POETICS: EAST AND WEST
Origins and evolution of poetics the World Over
Although poetry appeared in many countries of the world from times immemorial, it was only in India that an enquiry started on the questions as to what is poetry, how it could be treated, and why it should be written. In the wake of this enquiry, a large body of scientific knowledge regarding the mechanics of poetry and its purpose developed and began expanding through the centuries. We have a plethora of evidence about this in the Vedic literature, Ramyana and Mahabharata. I don't wish to go into all that here. I shall only give one instance from Mahabharata (chapter 207 of Rajya lambha parva)Narada is described as "Paribhushaitaa vaachaam varnatah sarvatorthatah". It means Narada is also a poet. In those days, evidently, according to the scientists of poetry, a poet is one who adorned the word letter-wise and meaning-wise (i.e. word-beauty and sense-beauty) . These words remind us of the great Bhamaha of the later period and his theory of Alankara. Those books of poetics are not available to us today. However from the Natyasastra of Bharata onwards, all the literature on poetics in not only available but also remains intact with a tradition of being read by scholars and taught to the students of literature (in Sanskrit) .
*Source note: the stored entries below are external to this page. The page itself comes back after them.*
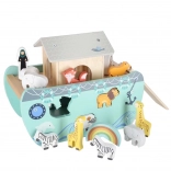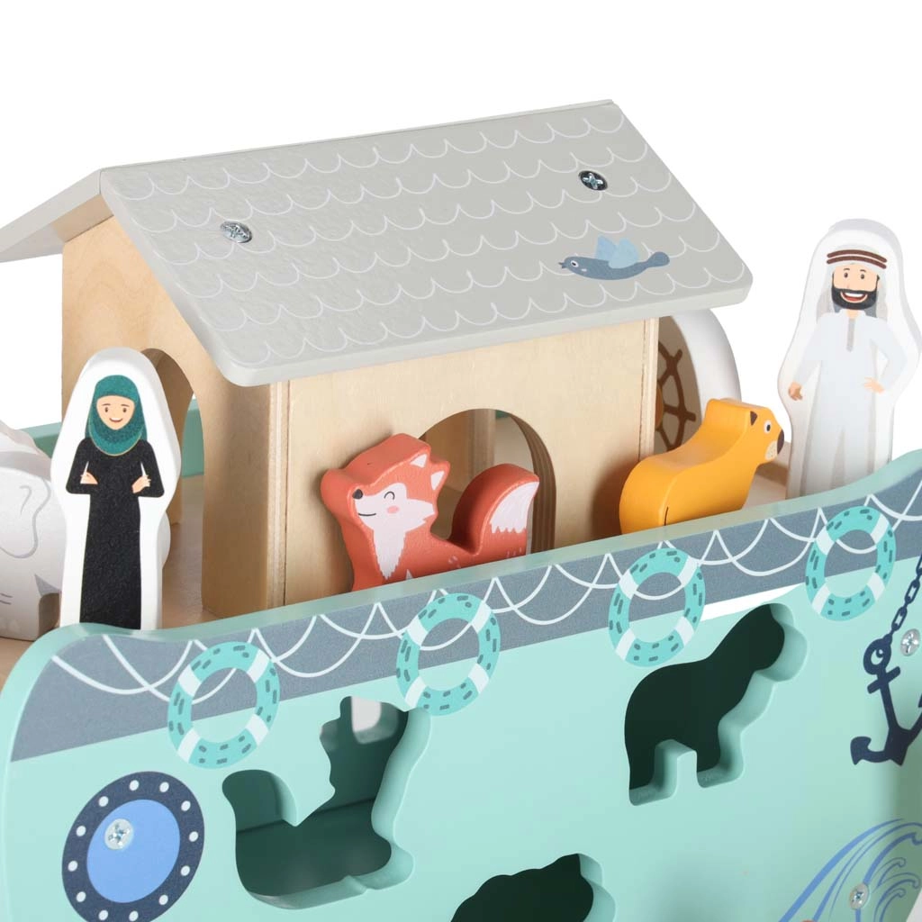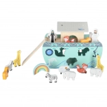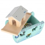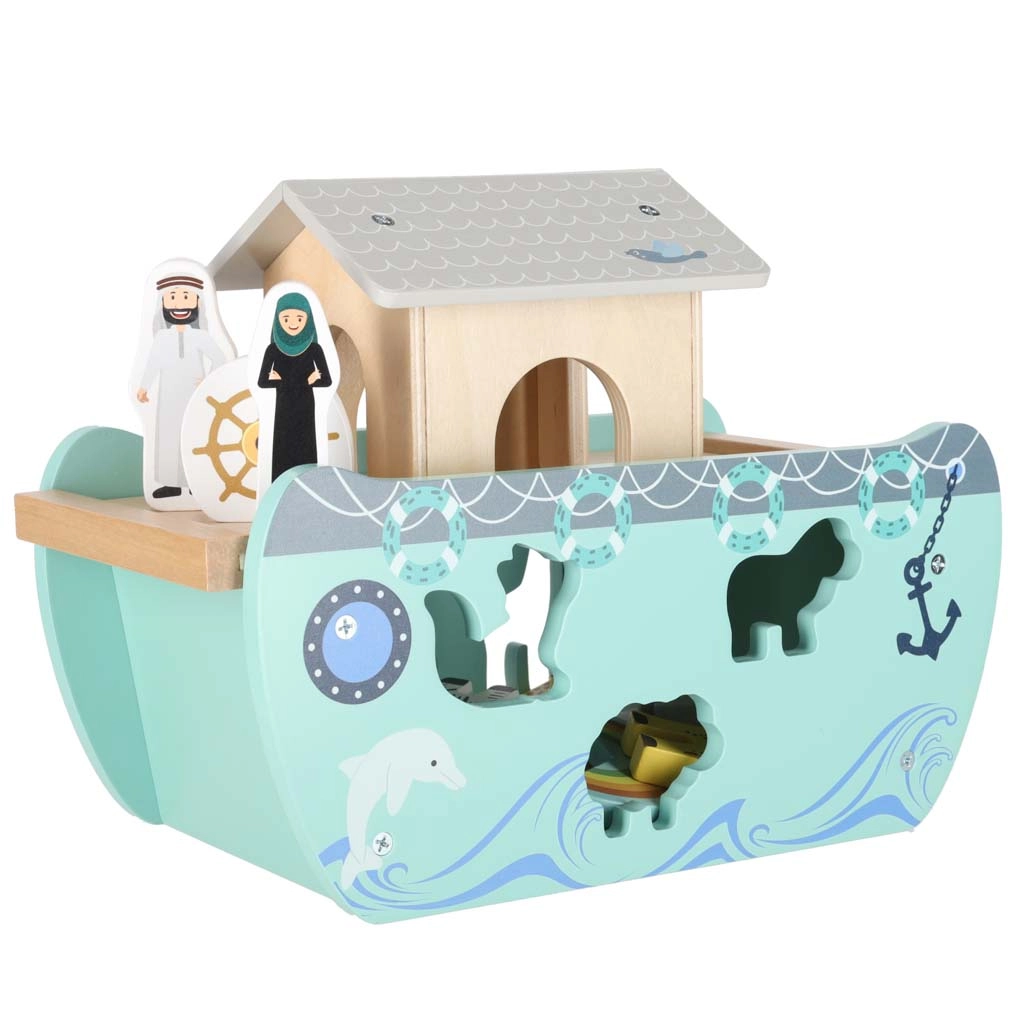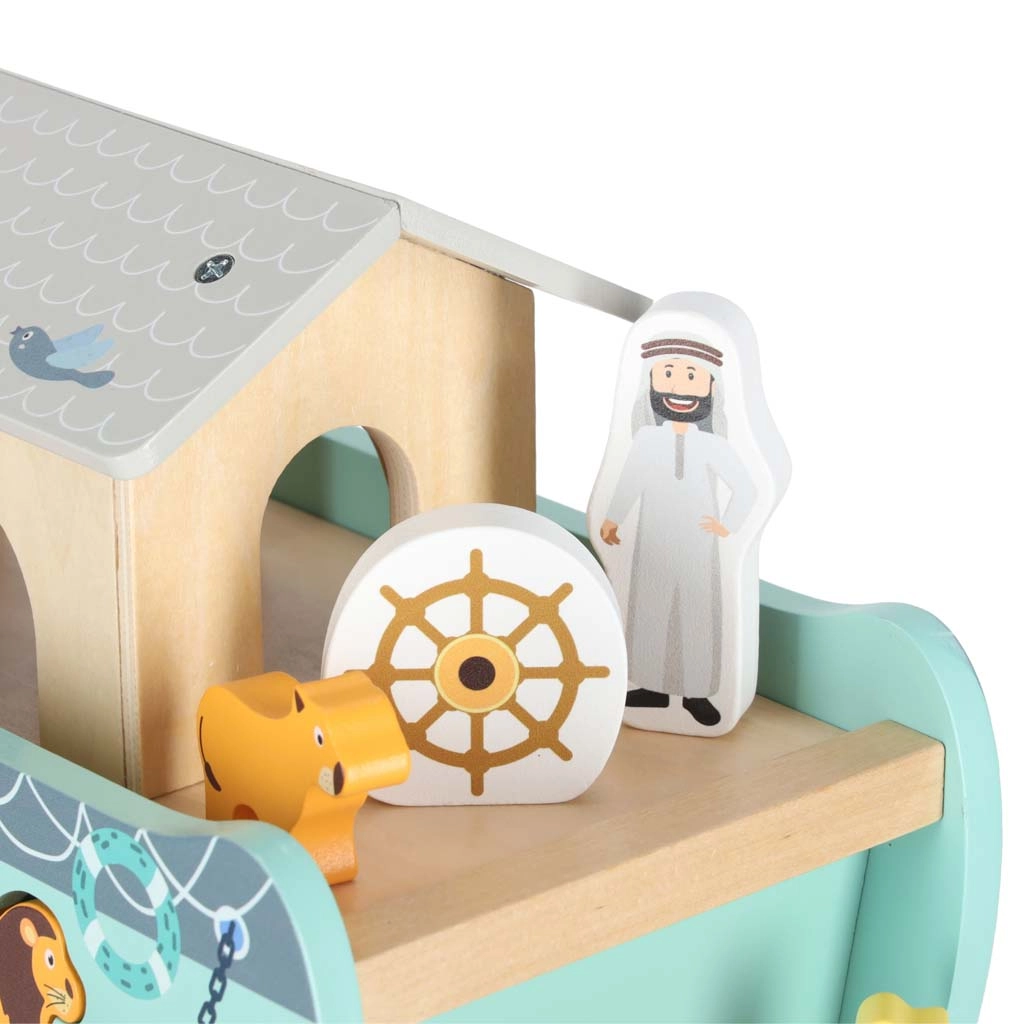 Odkrijte leseno igračo, ki združuje vstavljalnik oblik, prosto igro in pripovedovanje zgodb. Barka z odstranljivo rampo in streho skriva komplet živalskih figuric ter dve figuri Noeta z ženo – otroci lahko ladjo nakladajo, jo krmilijo s krmilom in živalice vstavljajo v prave odprtine.
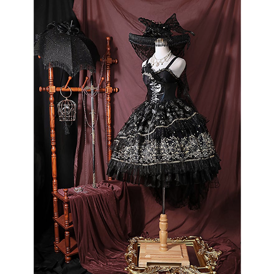 写真のヘッドドレス、ネックチェーン、パールネックレス、スリーブカバー、手袋、スカートテール、パニエは付属していません。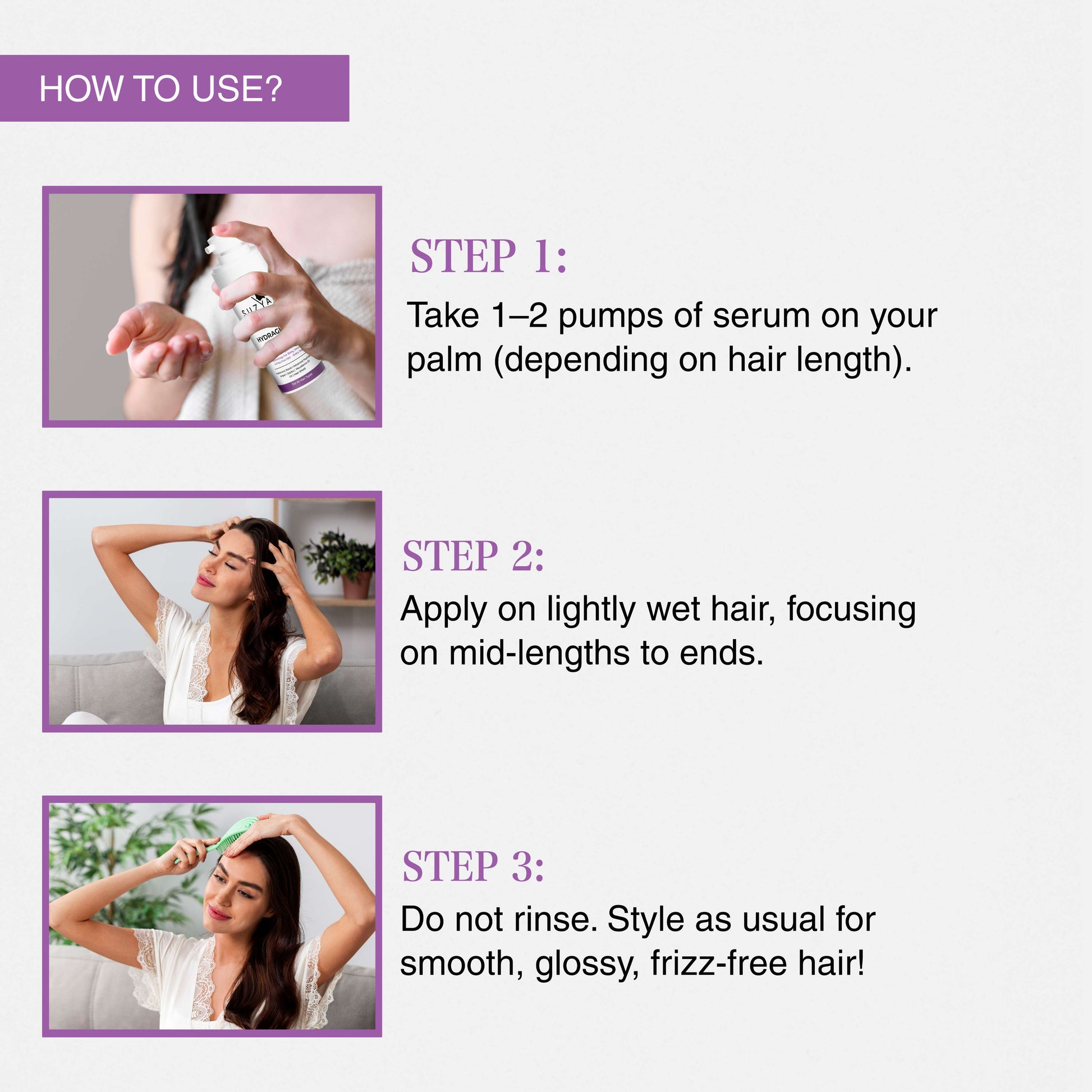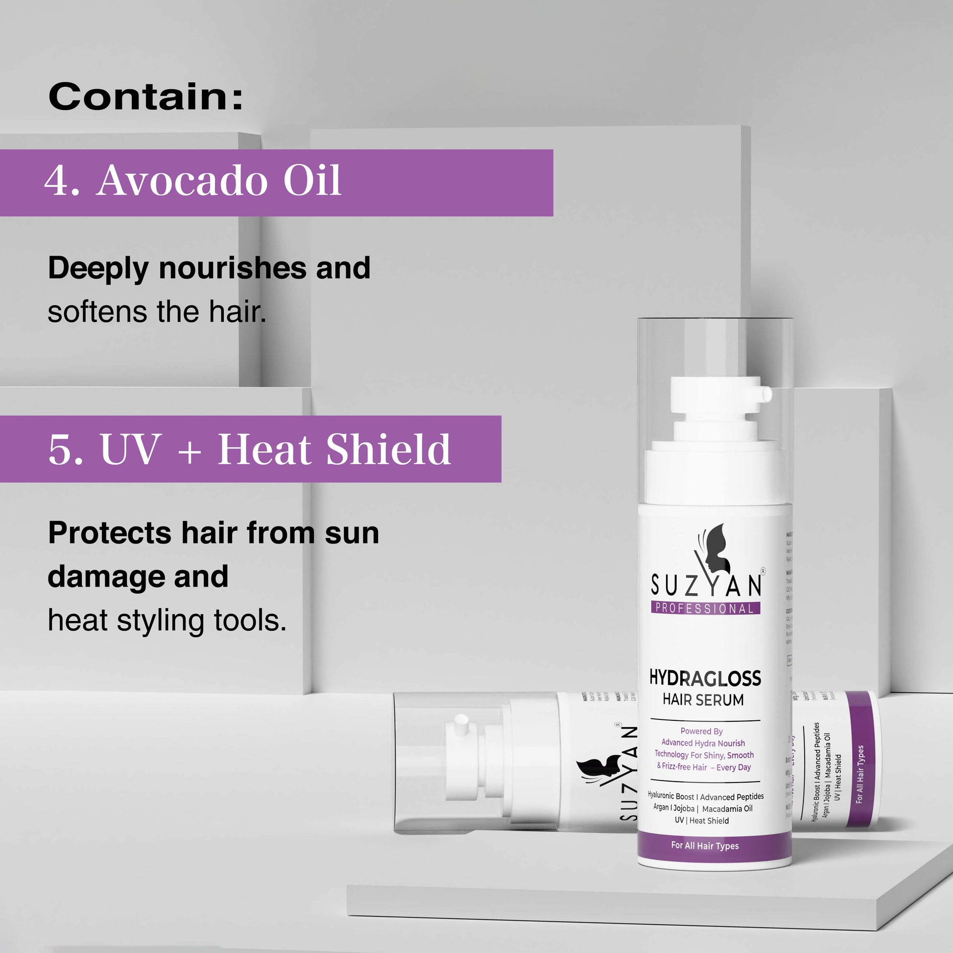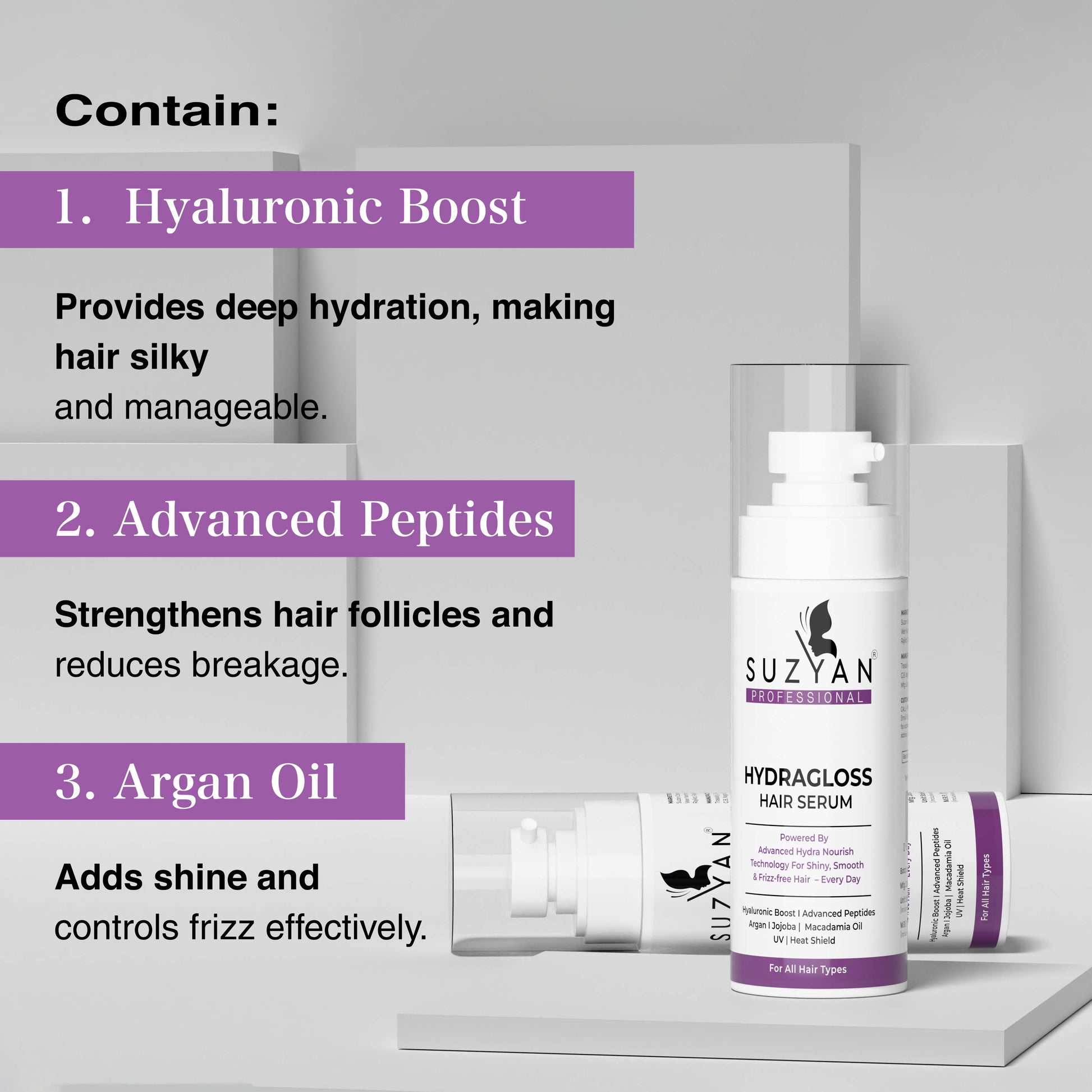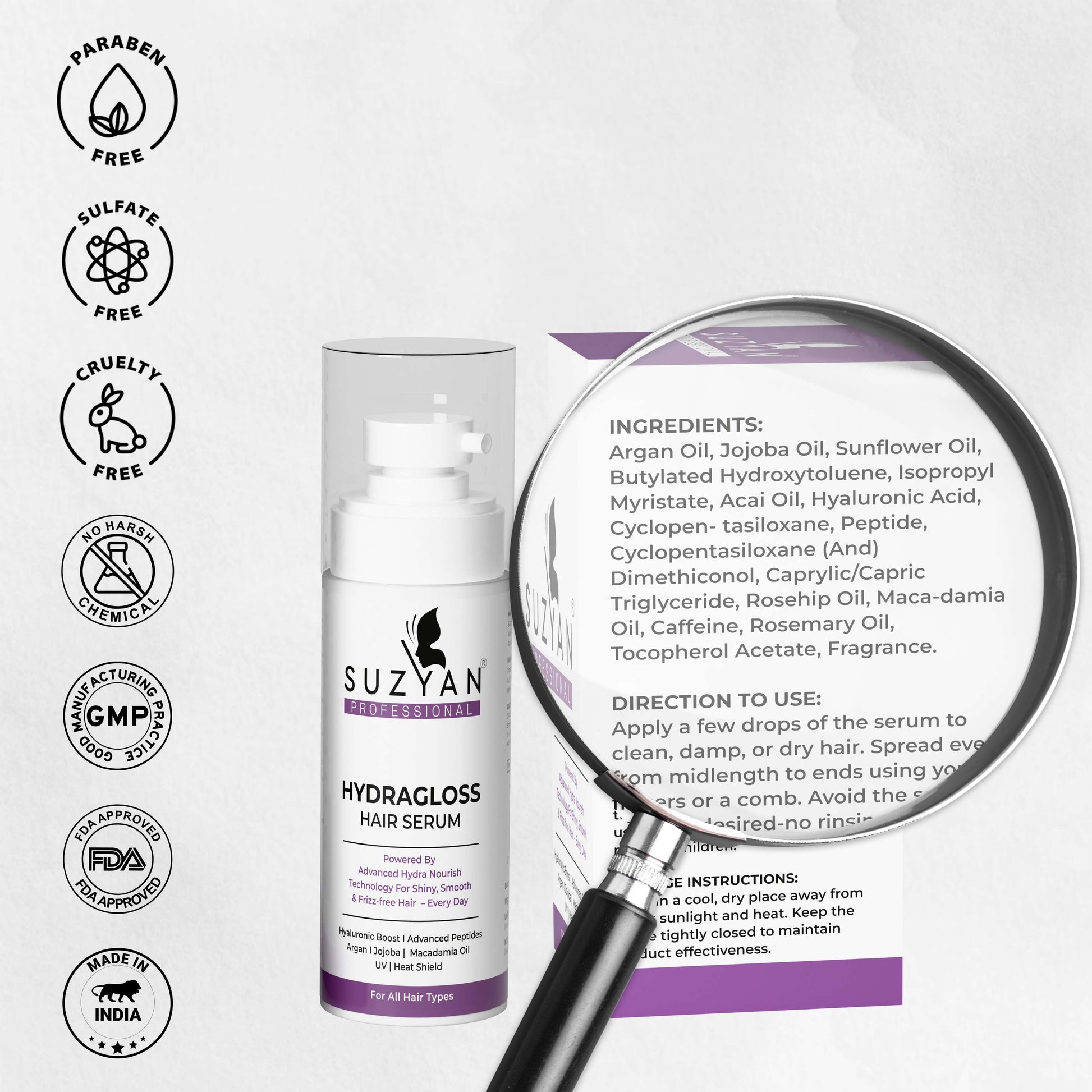 Suzyan Hydragloss Hair Serum with Argan Oil & Vitamin E | Boosts Shine | Controls Frizz | Lightweight Non-Sticky Formula | All Hair Types | 50ml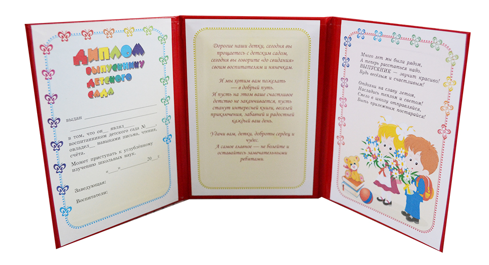 Памятный диплом красного цвета "Выпускник детского сада" 3 створки (мальчик и девочка)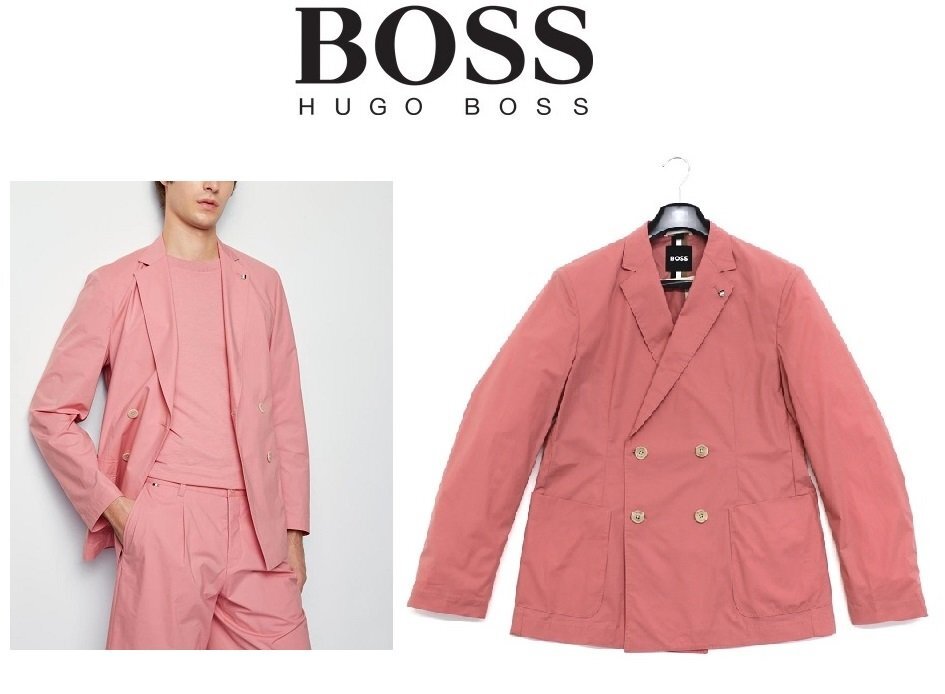 14万新品◆48=M◆BOSSヒューゴボス 『C-Hanry』ダブルブレストシャツジャケット SLIMFIT ピンク

The scientific knowledge that developed in this country on the dialectics of poetry, falls into 6 outstanding schools.
1.The Rasa theory of Bharatha,
2.The Alankara theory of Bhamaha,
3.The Riti theory of Vamana,
4.The Dwani theory of(otherwise called Chamatkaar) .Jagannatha who said that last word in poetics says "putras te jataha dhanam te dassyaami iti vaakyaartha dhijanyasya aahlaadasya na lokottaravatvam.ataha na tasmin vaakye kaavyatva prasaktihi." This means sentences like 'son is born to your' ' I am giving you money' though produce immense pleasure, have no poetry in them. Because, they do not produce that uncommon pleasure which is not the same as the pleasure derived from the ordinary worldly experience. The American poet and Harvard professor Archibald Macleish says: ' words-in-the-poem? they seem to have, what I can only call, mere weight than the same words have when we run across them in ordinary coversation, or on the page of a newspaper.'
Long after in Greece:
A.B. Keith in his history of Sanskrit Literature holds the view that Bharata? s times was before Bhasa. Bhasa is held to be a few centuries earlier than Kalidasa who is assigned 2nd century B.C. Under these circumstances it seems reasonable to infer that Bharata must have lived a few centuries before Aristotle who belongs to 4th century B.C. I am not inclined to rely on the other view, which places Bhasa before Bharata, since it is based only on the technical aspects of the plays ascribed to Bhasa, whose authorship is not free from controversy. It is also necessary to note that research scholar's have considered on sufficient evidence that the bulk of Natya Sastra of Bharata is only a compilation of portions from the earlier texts on the subject. This pushes the date of literature on poetics in India far earlier than either Aristotle, or Plato or Socrates.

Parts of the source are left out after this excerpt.